In providing the warranty, parties declare that they have duly assessed the data transfer taking into account the following elements (article 14 (b)):

  • the specific circumstances of the transfer, the intended onward transfers, the type of recipient, the purpose of processing, the categories and format of the transferred personal data, the economic sector in which the transfer occurs, the storage location of the data transferred;
  • the laws and practices of the third country of destination, including those requiring the disclosure of data to public authorities or authorising access by such authorities – relevant in light of the specific circumstances of the transfers and the applicable limitations and safeguards; and
  • any relevant contractual, technical or organisational safeguards put in place to supplement the safeguards under the new SCCs.

Furthermore, the data importer warrants that it has made its best efforts to provide the data exporter with relevant information (article 14 (c)).

The assessment must be documented and provided to the competent supervisory authority on request.

With this clause, the SCCs formalize the EDPB’s recommendation to perform a data transfer assessment before transferring personal data to a third country that does not provide for an adequate level of protection.

This will require both data exporters and data importers to put in place a methodological process to perform such assessments, to support each other and exchange relevant information. Such assessment and cooperation between the parties is not only required before the conclusion of the agreement. Parties will need to continue to cooperate in ensuring compliance with the SCCs over the entire life of the contract (article 14 (c)).

A lack of or insufficient assessment of the data transfer compliance may result in severe consequences for the parties, including suspension of the data transfer and possibly termination of the agreement.

Suspension of the data transfers or termination of the contract

Where the data importer can no longer fulfil its obligations under the SCCs because it becomes subject to laws or practices not in line with the requirements of article 14 (a), it must notify the data exporter (article 14 (e)).

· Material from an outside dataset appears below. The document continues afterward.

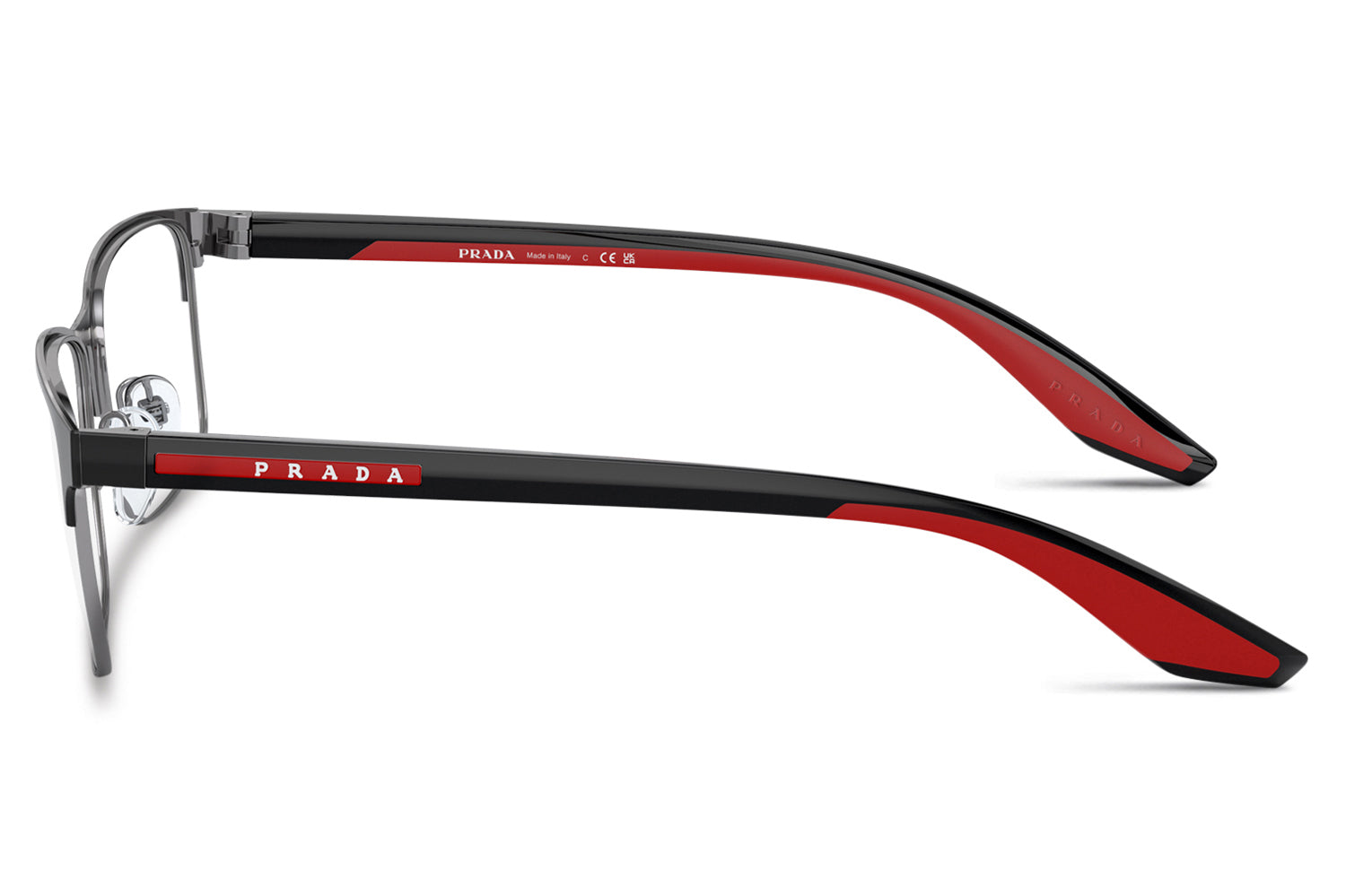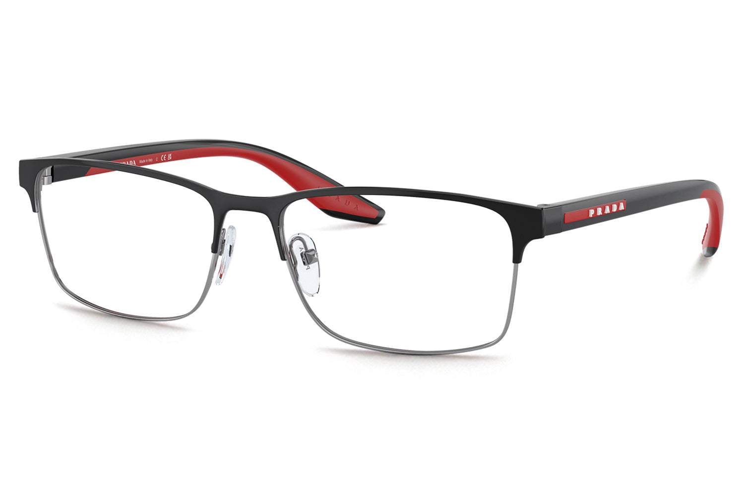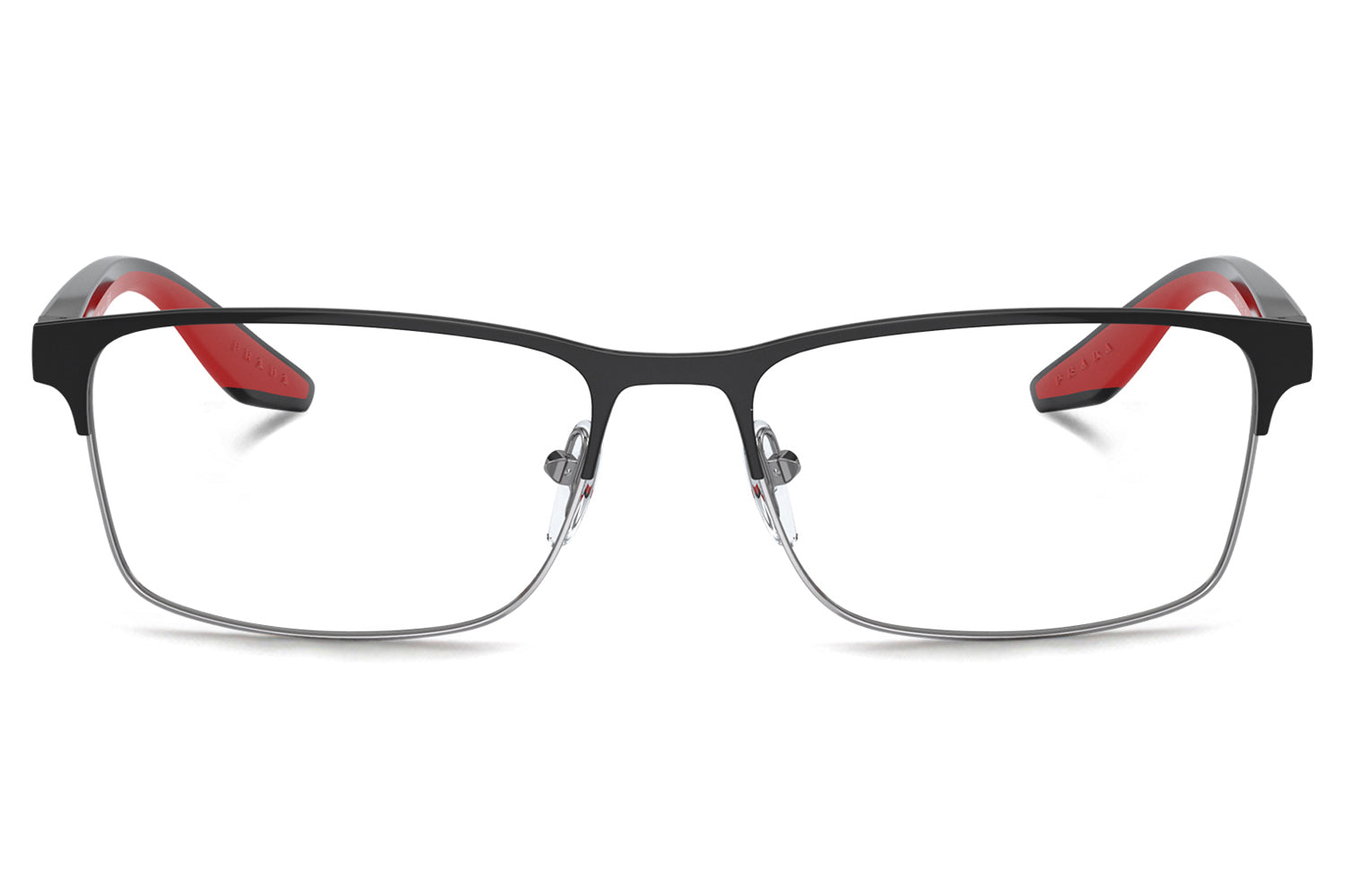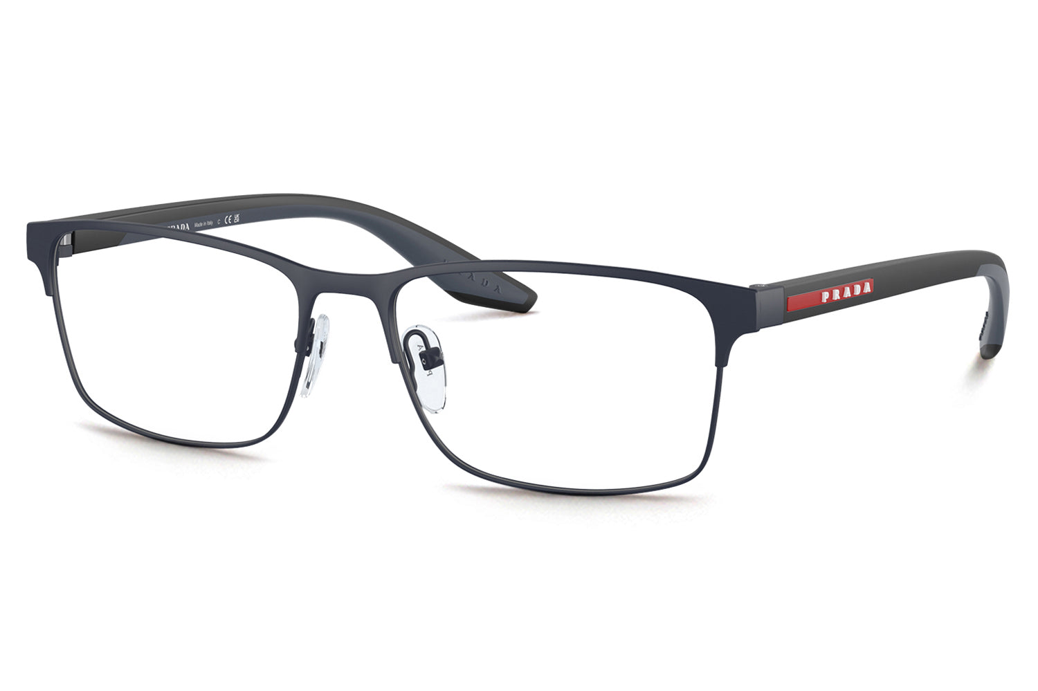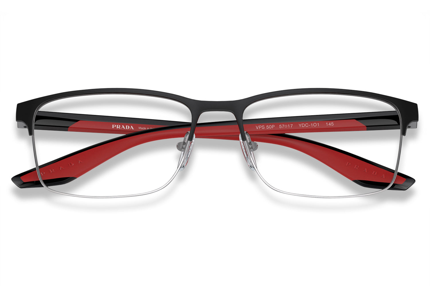 The Prada Linea Rossa - PS 50PV optical frames showcase a clean, minimalist design in a refined metal rectangular shape. Born from Prada Linea Rossa’s heritage of understated Italian performance style, this super-lightweight frame features sleek lines with subtle rubber details for modern comfort. Two-toned temple colorways, including black rubber with matte white accents, add a contemporary edge. Crafted for everyday wear, these designer optical frames deliver durability, comfort, and effortless sophistication, perfect for modern individuals seeking precision eyewear with a sporty, urban appeal. Comes complete with a Prada Linea Rossa box, protective case, cleaning cloth, and a 1-year manufacturer’s warranty.
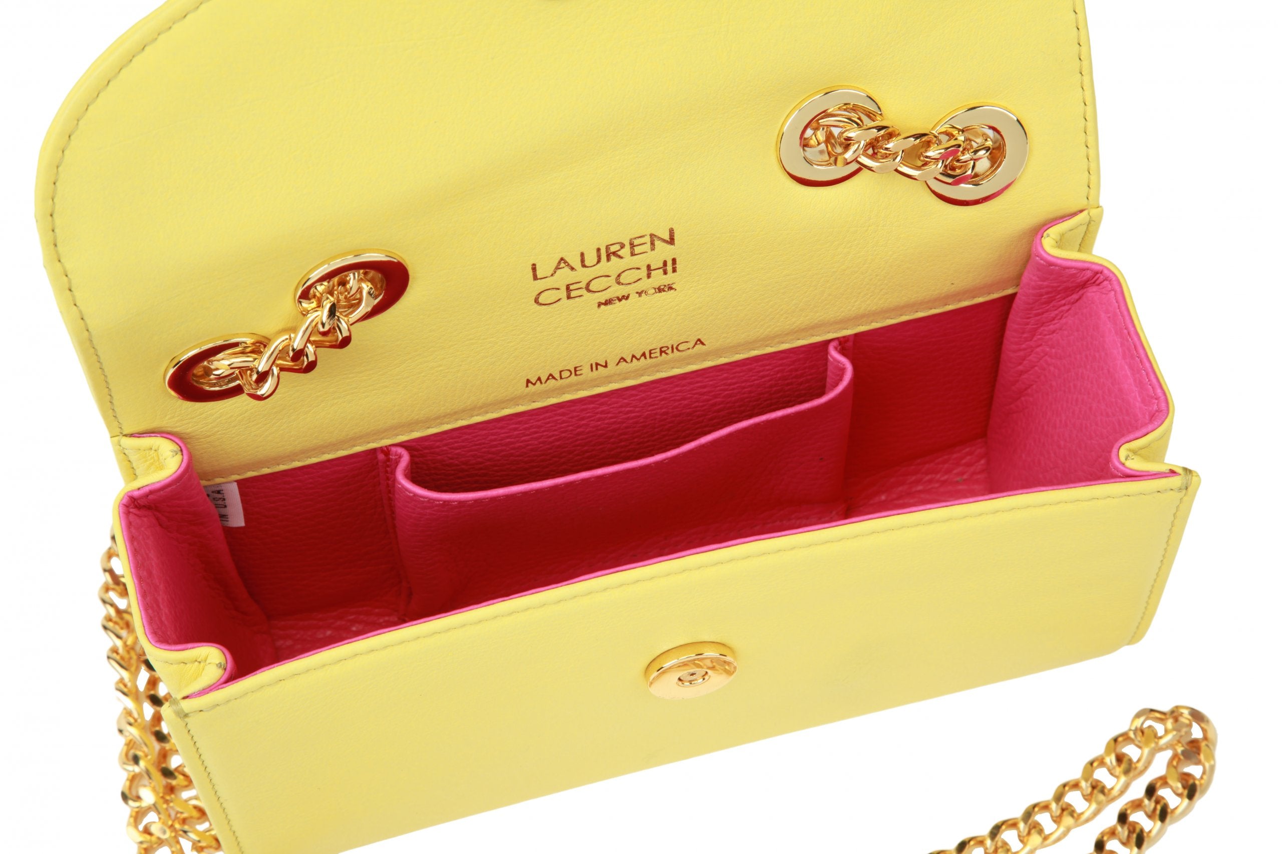 When life gives you lemons... screw the lemons and get your favorite lemon colored handbag! The new Lemonade Sorella is the season's hottest color for that perfect pop of color to complete any look. Wear the Sorella handbag long strap, double strap, cross body or wrap the chain around your wrist for some much needed arm candy.

Upon receipt of such notification, the data exporter must promptly identify appropriate safeguards. If no such safeguards are available, the data exporter will be under the obligation to suspend the data transfer, and is entitled to terminate the contract insofar as it concerns the processing of personal data under the new SCCs (article 14(f)).

Furthermore, in case of non-compliance with the SCCs, or inability to comply, by the data importer, the data exporter is under the obligation to suspend the data transfer until compliance is again ensured, or the contract (insofar as it concerns the processing of personal data under the SCCs) is terminated (article 16).

Where the processing of personal data is at the core of the agreement, for example if the data is hosted by the data importer, operating the suspension of the transfer might impact the continued performance of the related agreement.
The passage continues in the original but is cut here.